“那就好,”舒敏拍了拍碧玺的肩头,“进去罢,表现正常一些,莫要叫旁人看出来。”
碧玺点点头,随即跟着舒敏入了静安堂。
午宴过后,宾客纷纷出府。
舒镇安将萧恪送出府门,直至他驾马离去之后,回到内宅时已面沉如水。
管家听舒镇安的吩咐去静安堂将言氏请回东苑,前脚踏入正厅,言氏还未站定,舒镇安隐含怒气的声音已传了过来,“夫人,怎么回事?我不是早已叮嘱你,让敏儿与萧恪今日见面么?为何出现的会是舒晴?”

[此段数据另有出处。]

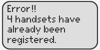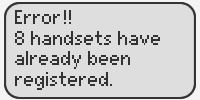 If this error message displays on your handset, please follow the instructions below to deregister your old handset before registering a new handset.
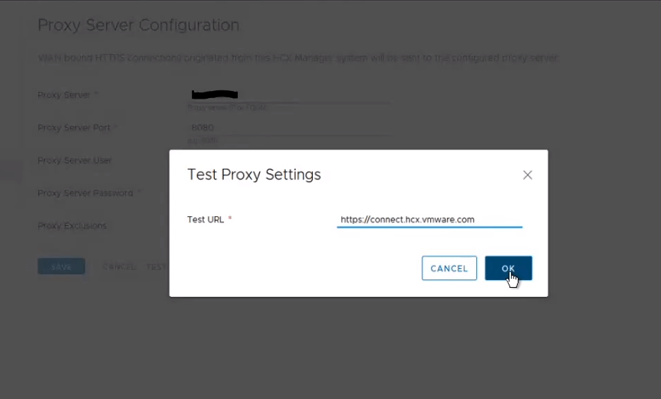 Enter the test url as https://connect.hcx.vmware.com and click ok.
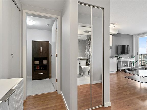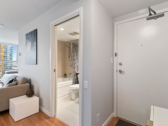 Chic & contemporary junior 1 bedroom city view suite on the quiet side of the building boasts wide plank laminate flooring, new custom blinds and fresh paint + an open balcony that overlooks the serene courtyard & boasts Northshore mountain views! This home is in PRISTINE condition. Quality building built by Concord Pacific. The Spectrum One features amenities which include 24 hrs concierge, swimming pool, exercise facilities, steam, sauna, hot tub, a theatre room, meeting room & party room. OH Sat & Sun, Nov 12th & 13th 1-3pm.
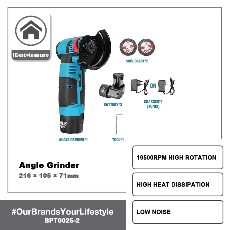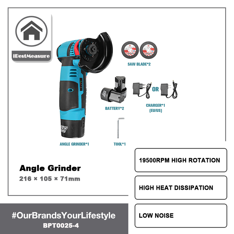 iBestMeasure 12V Brushless Angle Grinder Electric Cordless Polishing Machine Diamond Cutting Tool
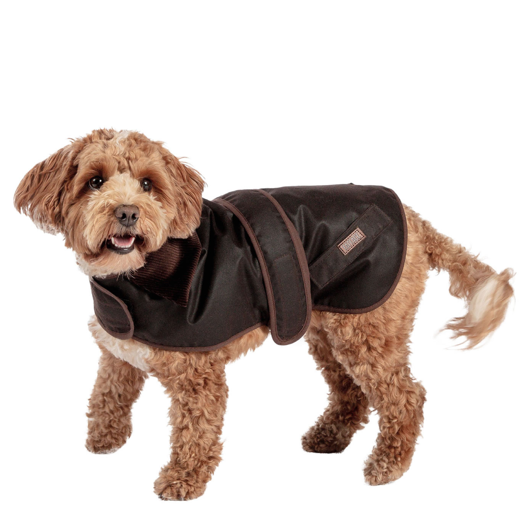 Dansk design Fatface Sussex Dog Coat - Denne chokoladefarvede frakke er pakket med dynger med gode funktioner til lodne venner. Lavet med vokset bomuld til en naturligt vandafvisende ydre og en hyggelig kontrol brændt orange foring for varme. Den snorede krave kan sætte sig op eller ned for at tilbyde øget beskyttelse afhængigt af vejret og er komplet med justerbare velcro-fastgørelser omkring halsen og midten. Fatface bomuldsprodukter understøtter mere bæredygtig bomuldslandbrug.
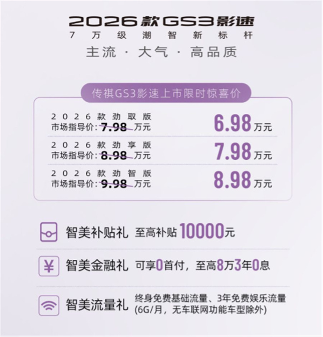 10月27日,7萬級潮智新標(biāo)桿2026款傳祺GS3影速正式上市!新車共推出3個版本,官方指導(dǎo)價為7.98~ 9.98萬元,限時驚喜價6.98萬元起,可疊加至高8萬3年0息金融政策,用戶可以輕松上車。
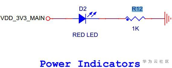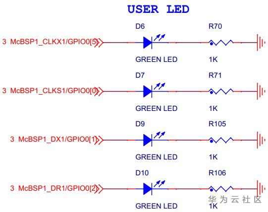 开发板底板具有1个电源指示灯D2,以及4个用户可编程指示灯,它们分别是D6、D7、D9和D10,原理图如下:
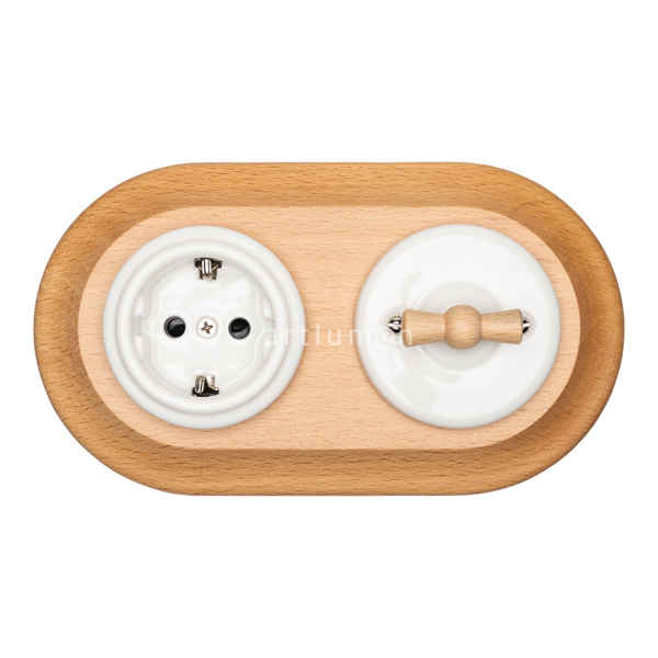 Conjunto formado por interruptor conmutado y base de enchufe fabricados en porcelana blanca y marco doble de madera clara.
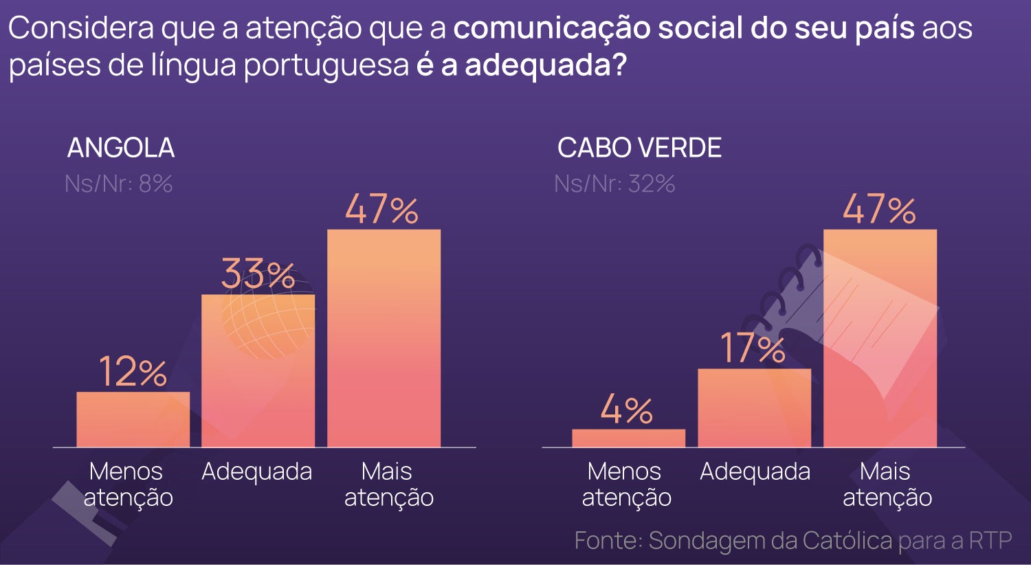 Quando questionados sobre a atenção que os meios de comunicação social angolanos dão aos países de língua portuguesa, há uma percentagem significativa de inquiridos (47%) a querer mais informação, enquanto 33% consideram que a mediatização destes países é a adequada. Outros 12% preferiam que houvesse uma menor cobertura.

言氏怔了片刻,才想起舒镇安叮嘱之言,面色微变,又听舒镇安说出现的是舒晴,终于明白今日她玉佩被盗一事的不对劲从何而来。
见舒镇安满脸愠色,言氏低眉垂眼的将静安堂内玉佩被盗一事一五一十的仔细说来。
舒镇安默默听着,怒气更甚,突然拾起身边案几上的青瓷茶盏猛掷于地上。
“好啊!日防夜防,想不到有朝一日竟是家贼难防!”
言氏被舒镇安周身愠怒的气势镇住,一时连大气都不敢出!
舒镇安静默良久,终是从主位起身,越过言氏抬脚就要出门。